Your copy should hold only the lines from the one containing "Kids' short sweatshirt, regular" through the final line of the entries, exactly as written, with no pictures.

Task material Start Marker

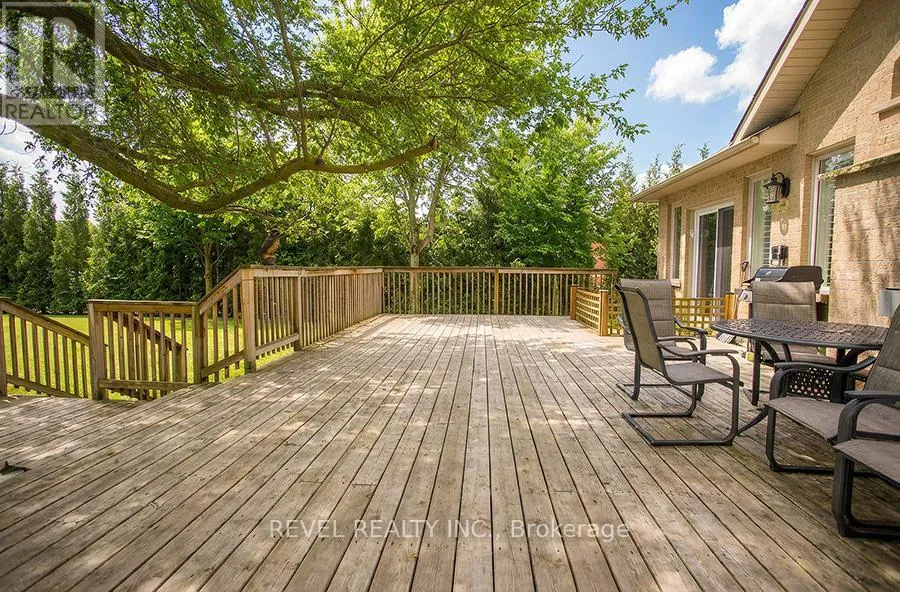 Cross Streets: Oakhill Drive & Franks Lane. ** Directions: Oakhill Drive to Franks Lane. Welcome to the prestigious Foxhill Estates community, where executive living meets resort-style comfort. Situated on a beautifully landscaped 0.732-acre lot, this impressive raised bungalow offers 3+1 bedrooms, 3.5 bathrooms, & over 4,481 sq ft of finished living space. From the moment you arrive, the curb appeal stands out w mature trees, cedar hedges, concrete walkways, & a triple-car garage w epoxy flooring & driveway parking for 8-10 vehicles. The backyard is truly a private oasis, featuring a heated saltwater in-ground pool, an expansive concrete pool deck, a wooden deck off both the kitchen & primary bedroom, an irrigation system, & two custom-built sheds. Inside, the main level showcases vaulted ceilings, maple hardwood flooring, LED pot lights, and a gas fireplace in the great room. The dining room features a large bay window w California shutters and comfortably seats 10. The professionally refinished maple kitchen offers granite countertops, stone backsplash, under-cabinet lighting, stainless steel appliances, a double-door pantry, and oversized patio doors leading to the deck - perfect for entertaining. The primary suite includes sliding patio doors to the deck, a walk-in closet, and a private ensuite w a soaker tub, standalone shower, and granite vanity. Two additional main floor bedrooms and a dedicated office over the garage w a skylight provide excellent flexibility for families or those working from home. The fully finished lower level offers exceptional in-law suite capabilities w a separate entrance, full kitchen w granite counters and stainless steel appliances, living area, bedroom, and full bathroom. Heated floors in the basement and garage add year-round comfort. A renovated recreation room w large windows and pot lights creates additional living and entertaining space. This exceptional Foxhill Estates property offers space, privacy, and versatility - ideal for multigenerational living, entertaining, and everyday executive comfort. (id:27476)
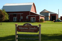 Khnemu farm is a marvelous place, and I have farm envy: Dawn has 30-some acres to myalmost- half acre yard, a whole yard full of chickens to my dozen, a horse and a llama, turkeys and peacocks. The gallery, studio and classroom space are in a restored red barn with hubcaps gleaming on an outside wall. The 1800s farmhouse is solid and charming, original woodwork and “period” decor, with pottery and oriental rugs, and humorous touches everywhere. On my way to bed tonight I spotted the wicked witch of the west’s stripey legs sticking out from under a piece of furniture…
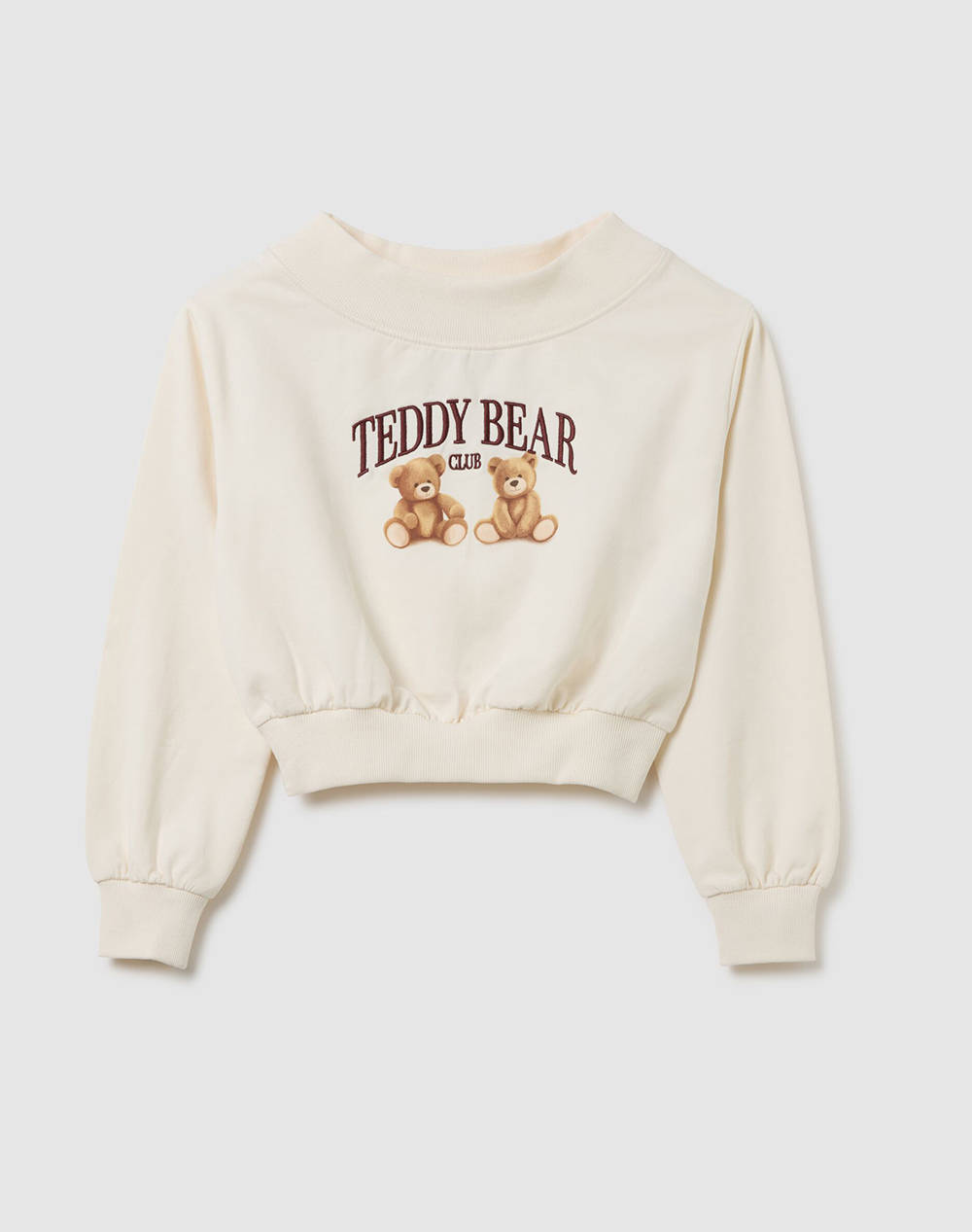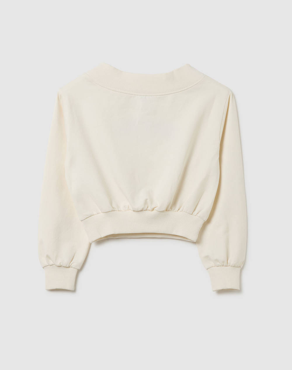 Kids' short sweatshirt, regular fit, solid color, long sleeves, with print on the front and round neckline. (Composition: 95% Cotton, 5% Elastane)
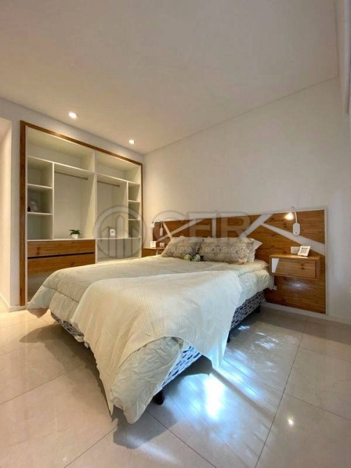 Dormitorio principal a la calle con pisos de porcelanato, placard a medida y baño en suite
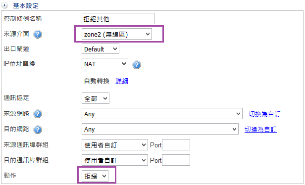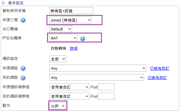 新增一條管制規則,【來源介面】為 Zone 2 無線區、【動作】為允許,指定閘道為對外線路;因為是虛擬 IP 區段,要上網際網路時需要做 NAT,所以選擇來源位址轉換。
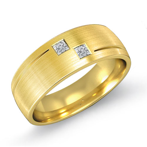 This stunning low dome matte finish diamond men's half wedding band is made from 14k Gold Yellow. Showcasing matte finished with grooved and 2 stone princess cut diamonds set in a bezel setting gives a stylish look.
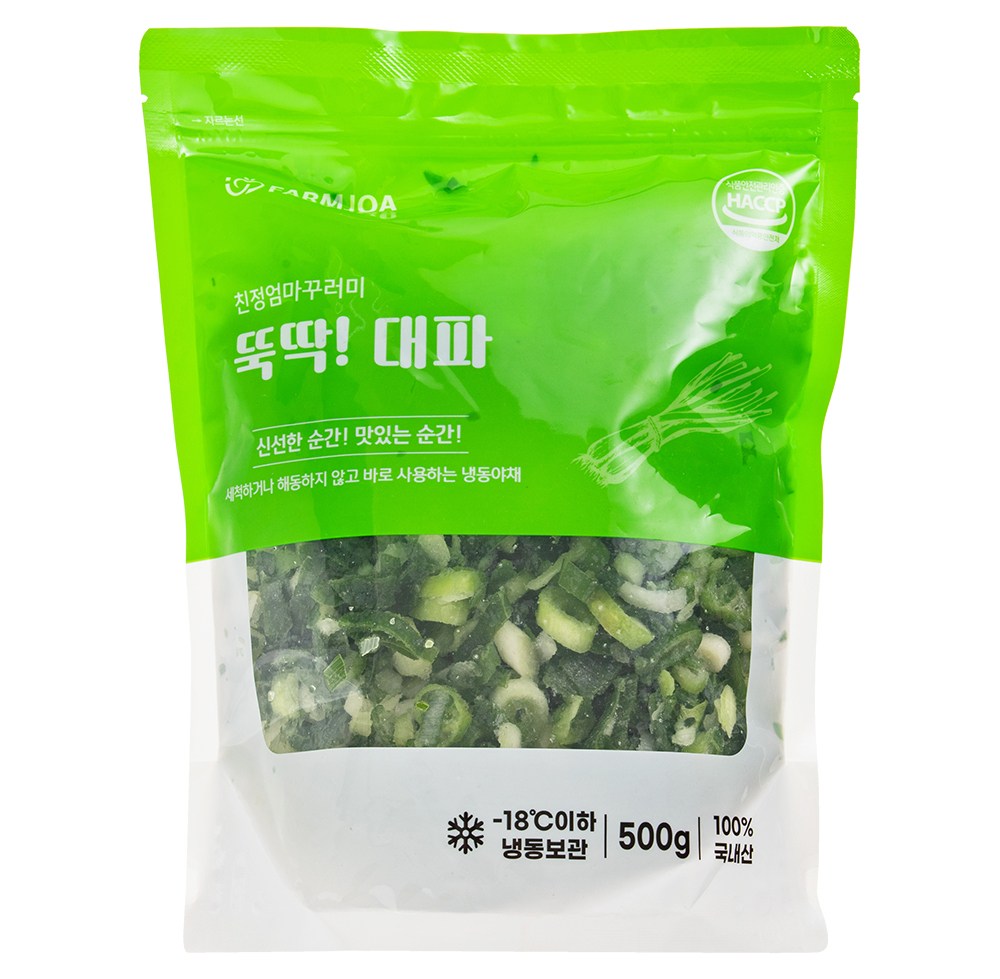 먹기 좋게 손질되어 있는 대파입니다. 따로 해동하거나 세척할 필요 없이 바로 사용할 수 있어 더욱 간편하답니다. 산뜻하고 알싸한 향이 일품이지요. 반찬, 찌개, 탕 등 다양한 요리로 활용해보세요.

Task material End Marker

Solved exercise.
 Kids' short sweatshirt, regular fit, solid color, long sleeves, with print on the front and round neckline. (Composition: 95% Cotton, 5% Elastane)
 Dormitorio principal a la calle con pisos de porcelanato, placard a medida y baño en suite
 新增一條管制規則,【來源介面】為 Zone 2 無線區、【動作】為允許,指定閘道為對外線路;因為是虛擬 IP 區段,要上網際網路時需要做 NAT,所以選擇來源位址轉換。
 This stunning low dome matte finish diamond men's half wedding band is made from 14k Gold Yellow. Showcasing matte finished with grooved and 2 stone princess cut diamonds set in a bezel setting gives a stylish look.
 먹기 좋게 손질되어 있는 대파입니다. 따로 해동하거나 세척할 필요 없이 바로 사용할 수 있어 더욱 간편하답니다. 산뜻하고 알싸한 향이 일품이지요. 반찬, 찌개, 탕 등 다양한 요리로 활용해보세요.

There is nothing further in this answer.